LAND, District Judge.

Before the Court is Defendant Concharty Council of Girl Scouts, Ine.’s motion for partial summary judgment. After careful consideration of the arguments of counsel, the relevant law, and the record as a whole, the Court grants Defendant’s motion.

PROCEDURAL HISTORY

On June 19, 1995, Plaintiff, a Hispanic female, was hired by Defendant, the Con-charty Council of Girl Scouts, Inc. (“Council”), to assume the position of Regional Director. On May 29, 1997, the Council terminated Plaintiffs employment. Subsequent to her discharge, Plaintiff filed a charge of discrimination with the Equal Employment Opportunity Commission. On February 23, 1999, Plaintiff received her Notice of Right to Sue from the Equal Employment Opportunity Commission. On May 19, 1999, Plaintiff filed suit in the United States District Court for the Northern District of Georgia against the Council pursuant to Title VII of the Civil Rights Act of 1964 (“Title VII”), Title I of the Americans with Disabilities Act (ADA), and 42 U.S.C. § 1981. On August 10, 1999, the case was transferred to the United States District Court for the Middle District of Georgia, Columbus Division. Defendant filed its motion for partial summary judgment on September 29, 2000, contending that it is exempt from coverage under Title VII and the ADA because it is a “bona fide private membership club.” Defendant’s motion appears to present a question of first impression in the Eleventh Circuit — whether a Girl Scouts organization is a “bona fide private member *1379 ship club” for purposes of Title VII and the ADA. 1

DISCUSSION

Title VII exempts from its coverage “bona fide private membership clubs” which are exempt from taxation under Section 501(c) of Title 26 of the United States Code. See 42 U.S.C. § 2000e(b)(2). 2 Likewise, the ADA exempts from its coverage a “bona fide private membership club” that is exempt from taxation under Section 501(c) of Title 26. See 42 U.S.C. § 12111(5)(B)(ii). 3

It is undisputed that Defendant is a tax exempt organization under Section 501(c)(3) of Title 26. The issue for determination therefore is whether Defendant is a “bona fide private membership club” under Title VII and the ADA.

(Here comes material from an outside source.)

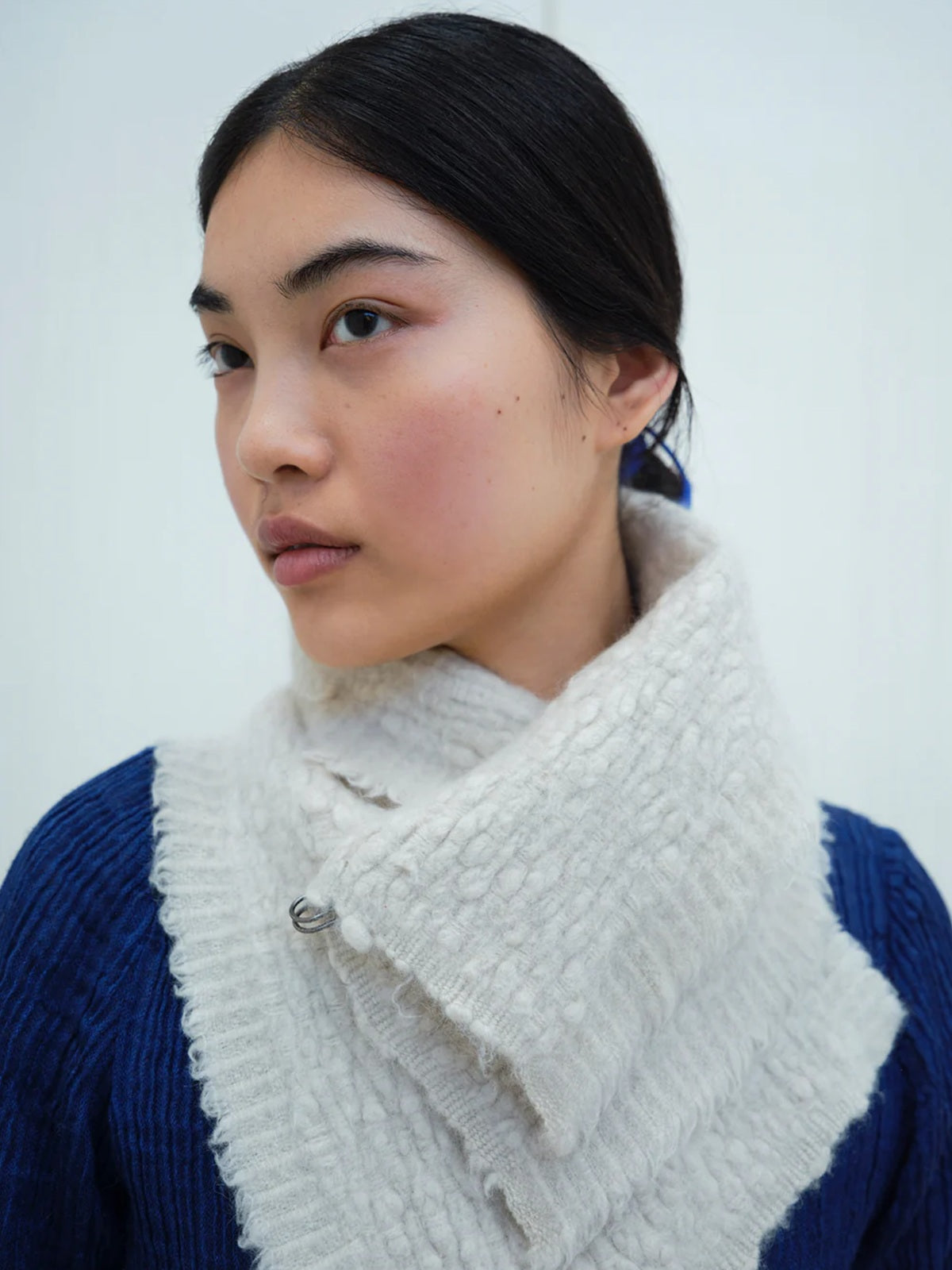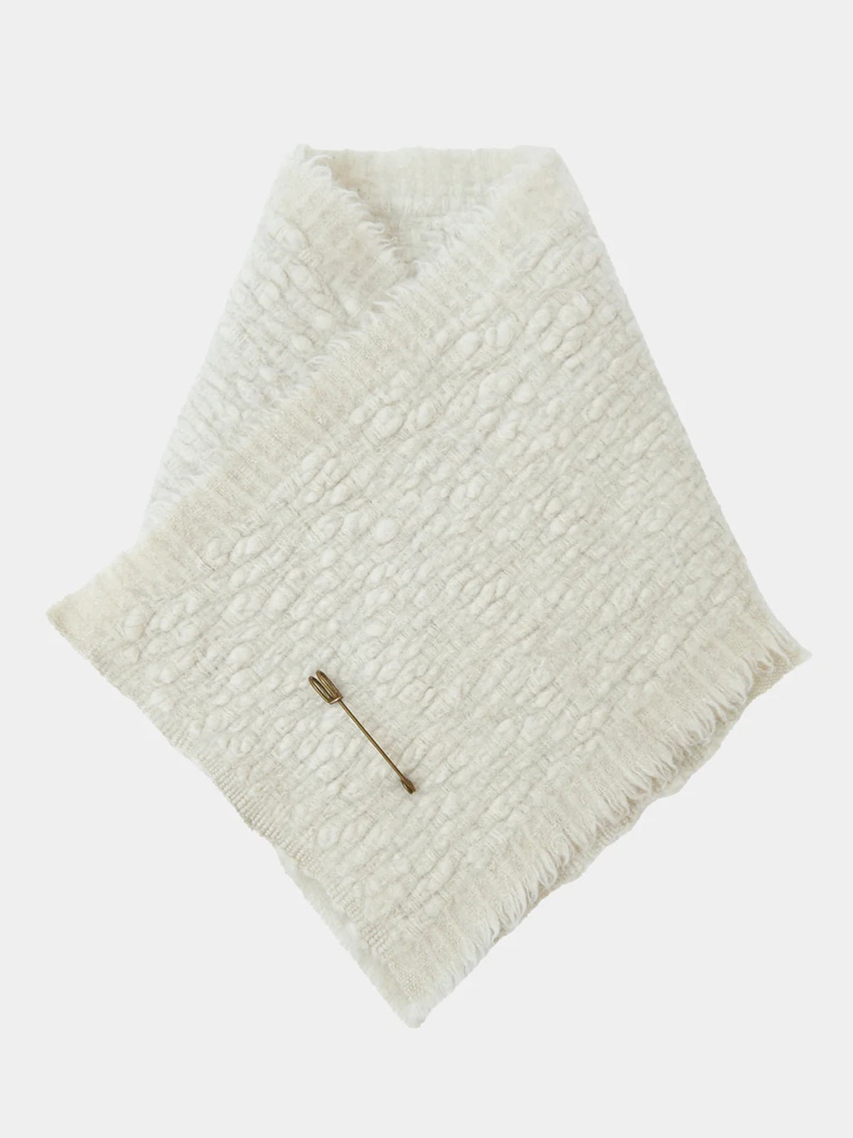 Neck warmer made from natural white pure yak khullu in a thick, warm weave. The finished fabric is boiled for added density and a fleece-like touch. It can be worn knotted snugly around the neck or pinned for a looser fit. The pin is included with the piece. 2cm raw fringe.

Although the Court has been unable to locate any federal appellate precedent deciding whether a Girl Scouts organization is a “bona fide private membership club,” the Court finds that at least one Circuit Court has held that the Boy Scouts constituted a bona fide private club for purposes of exemption from Title II of the Civil Rights Act of 1964. See Welsh v. Boy Scouts of America, 993 F.2d 1267 (7th Cir.1993). 4 In Welsh, the United States Court of Appeals for the Seventh Circuit noted that four factors “strongly support the conclusion that the Boy Scouts indeed is a private club entitled to exception from Title II.” Welsh, 993 F.2d at 1277.

The four factors found by the court in Welsh to support its finding that the Boy Scouts organization was a “private club” for Title II purposes were selectivity in membership, historically unique existence, distinct purpose, and non-profit status. The Seventh Circuit’s application of those factors to the Boy Scouts is instructive for this Court in its analysis of whether the Defendant in the case sub judice is a “bona fide private membership club.”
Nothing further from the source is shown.